The USPS flat rate boxes would be the way to go.. same price up to 70 lbs, I believe..[8|]


----------



## daeldred (Dec 22, 2009)

Ry,

 Your always a big help on the tumbling/cleaning questions. Are you going to be at the Jackson, MS show by chance? Other than that it would have to be St. Louis. Only one thing though, the shows are all on Saturdays; we dig on Saturdays. LOL


----------



## daeldred (Dec 22, 2009)

Deacon, 

 As far as the weight goes, I don't know how much it weighs from personal experience. It is just what I have researched. This website gives conversion lbs/length for different gauges of copper. Maybe it's way off the mark.

 None-the-less I still don't have a source for copper. Any ideas guys?


----------



## bottlediger (Dec 22, 2009)

Lobe, thats where I get a lot of my copper 

 David, I only go to 2 shows a year Baltimore and Shupps 

 Digger Ry


----------



## BarbaraInCalif (Dec 23, 2009)

Well, I'm very new at tumbling, but think glass beads are the greatest.  Used copper for about a month before getting the beads from Ry (please send more when you get a chance!). The copper is a noisy, heavy, expensive, staining mess.  The only problem so far is cutting hard glass, so I'll be trying 220 SC as soon as it arrives.  With the money saved with beads you can buy more canisters, or even a back or side kit!  My three canister frame is happily rolling along with 6 canisters on it.  

 Ain't she a beauty!


 Barbara


----------



## daeldred (Dec 23, 2009)

The beads work pretty good. They are clean and relatively cheap, but I would like not to have to wait 6-7 days to finish a bottle! How long do you tumble, say, an aqua blob soda? They tend to be pretty hard as far as glass goes right? I want great results from my tumbling media. Thanks.


----------



## privvydigger (Dec 23, 2009)

usually it takes 3 days in the tumbler for me.  I use copper if I use my new stuff to cut I have to polish for 24 hours.  depending on the glass type and bottle but no more than 4 days
 A sick aqua blob with 1200 grit is clean as a whisper in 3 days


----------



## buzzkutt033 (Dec 23, 2009)

$6.50 a lb. sounds pretty good to me Ry. I'll look you up at Shupps next year. 
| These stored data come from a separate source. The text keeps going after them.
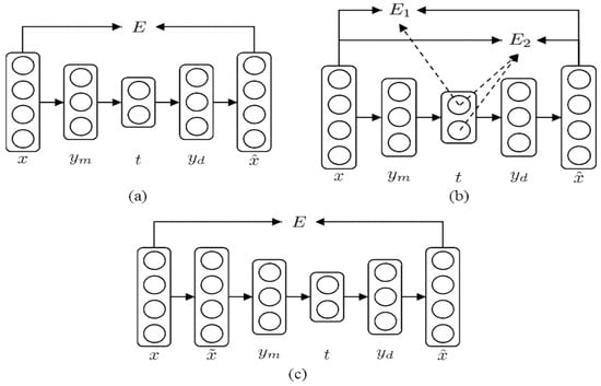 The denoising criterion was proposed by Vincent et al. [40] to extract more robust principal components. To apply the denoising criterion, the corrupted input is generated by adding a noise, such as Gaussian noise and masking noise, to the original input x. Then, the autoassociative neural network is trained such that it can recover the original input from the corrupted input. It was shown that, using the denoising criterion, autoassociative neural networks were able to learn a lower dimensional manifold that captures more essential patterns in the original data. The three objective functions are schematically summarized in Figure 3.
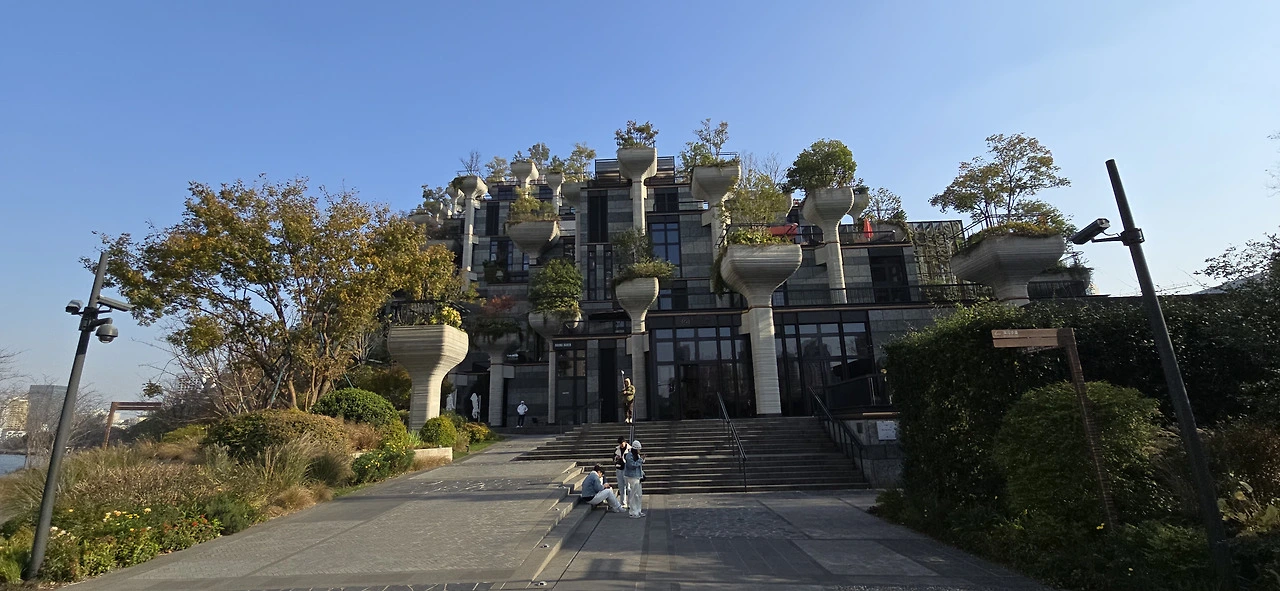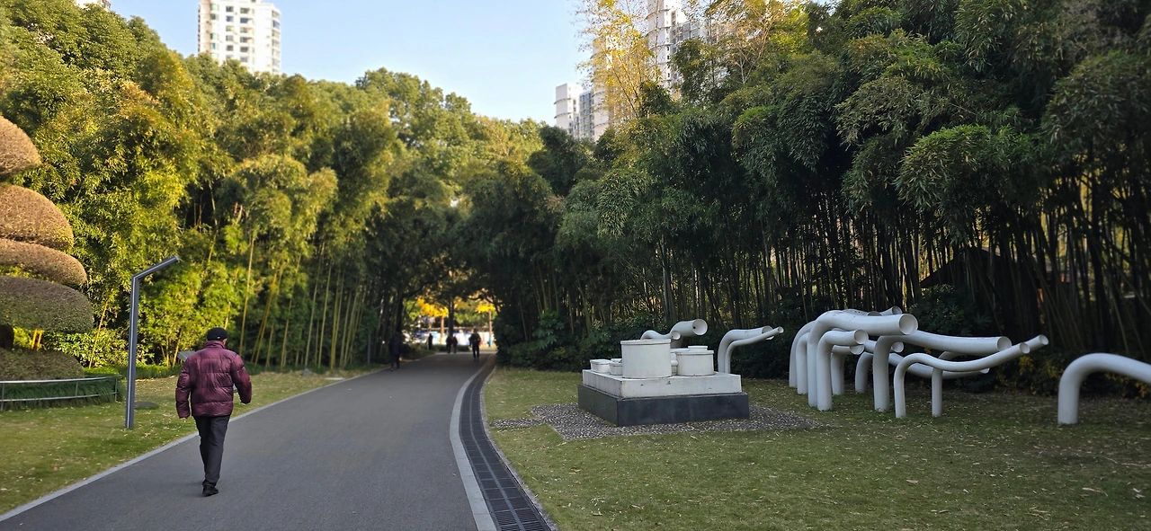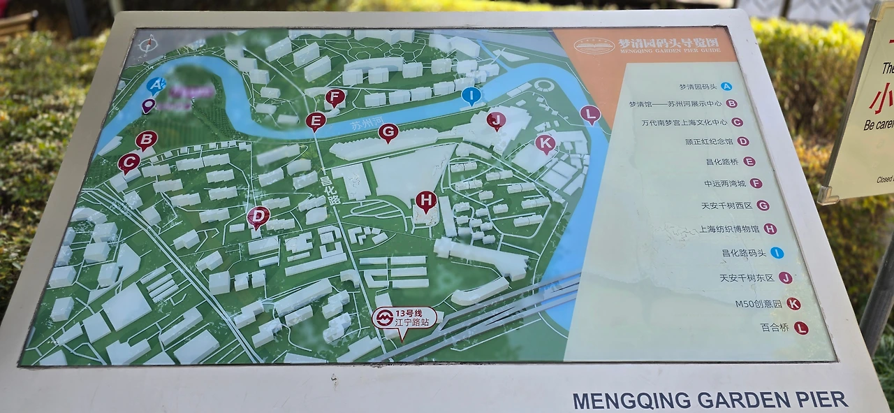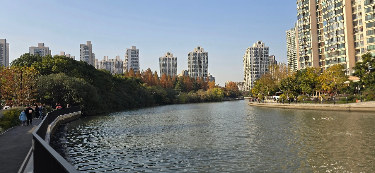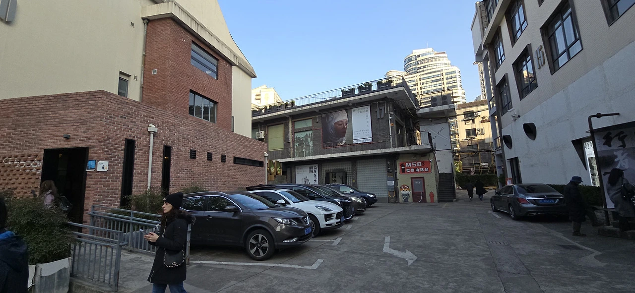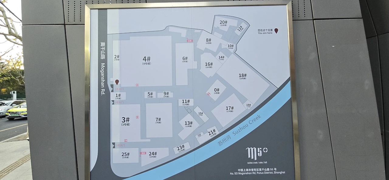 大洋晶典 안은 별로 특징적인 것이 없었다. 여느 쇼핑몰과 그리 다르지 않았다. 大洋晶典을 나왔다. 大洋晶典·天安千树는 밖에서 보아야 진가가 드러난다. 건물 외양의 디자인이 가히 환상적이다. 千树는 천 그루의 나무란 뜻 아닌가. 건물 외벽에 나무를 심을 수 있는 툭 튀어나온 시설물을 둔 뒤 나무를 심었다. 그게 천 개인 모양이다. 아니 정확히 천 개는 아닐지 모른다. 어쨌든 그런 외부 디자인을 한 건축물을 지구상에서 좀체 찾기 어려울지 모른다. 어떤 건축가의 아이디어인지 참으로 경탄스러웠다. 大洋晶典·天安千树 밖에 난 길을 굽이굽이 돌아 주차장 입구의 외벽의 그림을 감상했다. 이 벽화 또한 유튜브에서 보았던 것이다. 상하이의 옛 모습을 단편적으로 그려 놓았다. 大洋晶典·天安千树는 두 덩어리였다. 大洋晶典이 있는 쪽은 완성되어 있었고 다른 한 덩어리는 한창 공사 중이었다. 신축인지 보수 공사인지는 알 수 없었다. 길을 건넜다. 건너편은 큰 가구 상가였다. 침대며 주방용품 등이 상점마다 전시되어 있었다. 거기서 梦百合이라는 브랜드를 보았다. 아! 세계바둑대회를 개최한 회사가 바로 여기였구나! 가구 상가를 나와 苏州河에 놓인 다리를 건넜다. 苏州河 북쪽 강변에 있는 산책로를 걷기 위해서였다. 그러나 산책로로 가는 입구를 찾지 못했다. 막혀 있었다. 결국 다시 다리를 건너서 제자리로 돌아온 뒤 苏州河 남쪽 강변 산책로를 걸었다. 방향은 둘이다. 동쪽으로 가면 上海M50创意园이 나오고 서쪽으로 가면 큰 공원이 있다. 苏州河梦清园环保主题公园이었다. 梦清园环保主题公园으로 방향을 잡았다. 애초 계획에 없었던 곳이지만 그냥 가보기로 했다. 꽤나 넓은 공원이었고 수목이 우거지고 여러 가지 시설이 많았다. 강변에 있는 그 공원 산책로를 걷다 보면 苏州河를 건널 수 있지 않을까 했는데 끝내 다리는 없었다. 결국은 공원을 다 돌아보고 원래 자리인 大洋晶典·天安千树로 돌아왔다. 그리고 애초 계획했던 上海M50创意园을 향했다. 여기까지 와서 上海M50创意园을 보지 않고 그냥 갈 수는 없다고 생각했다. 과연 별세계가 펼쳐져 있었다.
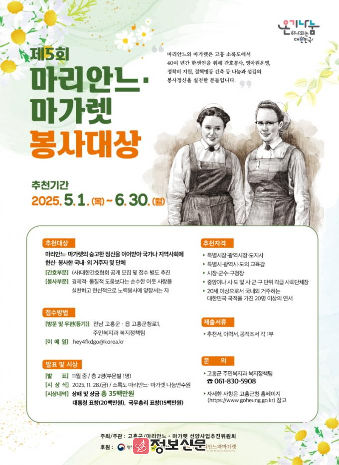 ![]() 고흥군, 제5회 마리안느·마가렛 봉사대상 후보자 추천 공모 |
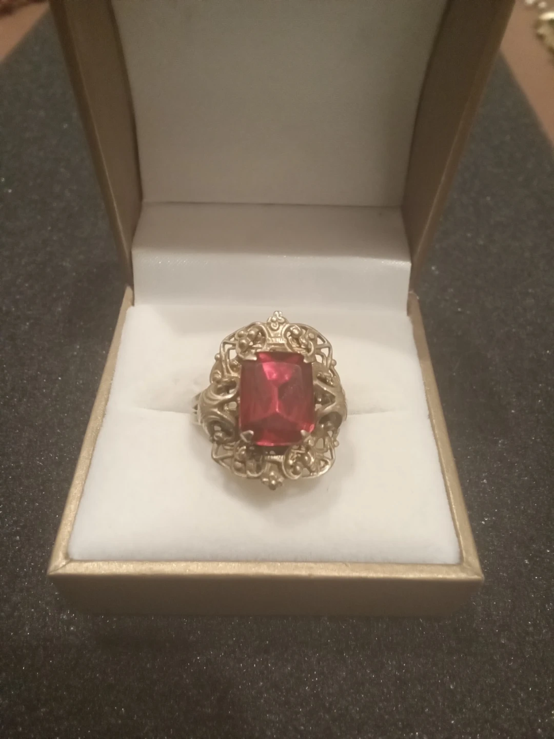 Buy & SellVintage Red Stone RingVintage Red Stone Ring$30Here's a vintage ring with a red stone! It comes in a box and is in great condition. The ring is a golden colour.ConditionLike newWHERE TO MEETmeridian credit unionView MapSELLERsamanthaQueensway494 reviews0 chats·0 favorites·19 viewsSEND CHAT TO SELLERHi samantha! I’m interested in your listing.Hi samantha! I’m interested in your listing.Get the Karrot app to chatSign In to chat
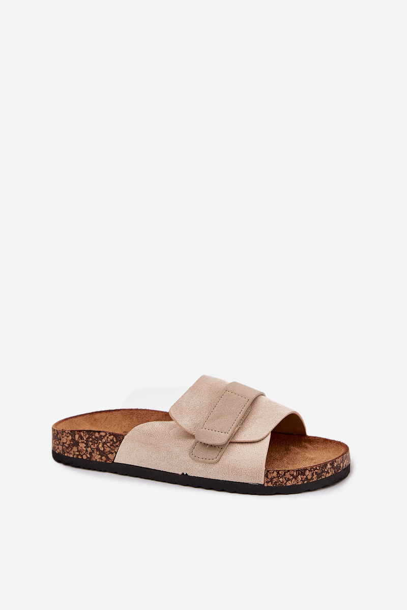 Women’s slippers made of eco suede, set on a cork platform, are an excellent choice for warm days. Thanks to the contoured insole, they provide comfort all day long. The strap with Velcro allows easy adjustment to the foot, and the cork platform adds lightness and a stylish character. Ideal for everyday styling. When choosing a size, please refer to the size chart.

 this early freeze is putting crimp in our digging. how's the ground up your way privvy??? I'll be up your way New Years Eve...........

 i've been having some problems with amber glass in the tumbler. the results seem very inconsistent. almost seems like the glass has " soft " spots in it at times.


 take care all. have a safe, very merry Christmas.

 jim


----------



## BarbaraInCalif (Dec 23, 2009)

Tumbling with copper was done for such a short period that time comparisions aren't really possible. For say, a teal blue Rumsford with just a bit of haze,  each of these steps were done for 3 days: 1) 1000 SC interior only,  2) 1200 SC outside, leaving the 1000 inside,  3)  Al polish in and out, then finally  4) polish inside only.   That's twelve days, but only 6 days in a canister with stopples, the other 6 days it's wrapped with towels in an old PVC irrigation pipe holding several other bottles.  With glass beads being so easy to transfer back and forth as a slurry in water the bottles are taken out and checked every few days. 

 I can understand you wanting something faster.....



 They're not perfect, but not bad either!


----------



## bottlediger (Dec 23, 2009)

Barb I must say that for as green behind the gills as you are in the new art of tumbling you are doing a KILLER job!

 Digger ry


----------



## BarbaraInCalif (Dec 23, 2009)

Wow...thanks Ry.
 I'm having lots of fun too!


----------



## Digswithstick (Dec 24, 2009)

I agree very nice job Barbara ! This coming year i hope to set up a tumbler too ,i hope my results are half as good as yours !


----------



## RedGinger (Dec 24, 2009)

I think I recall seeing cut copper for sale at my local hardware store.  I'll check into it.  It might be fun to get some and see what it does for some slightly hazy bottles that only need a little work.  I don't have a tumbler, but I do have a lot of elbow grease []


----------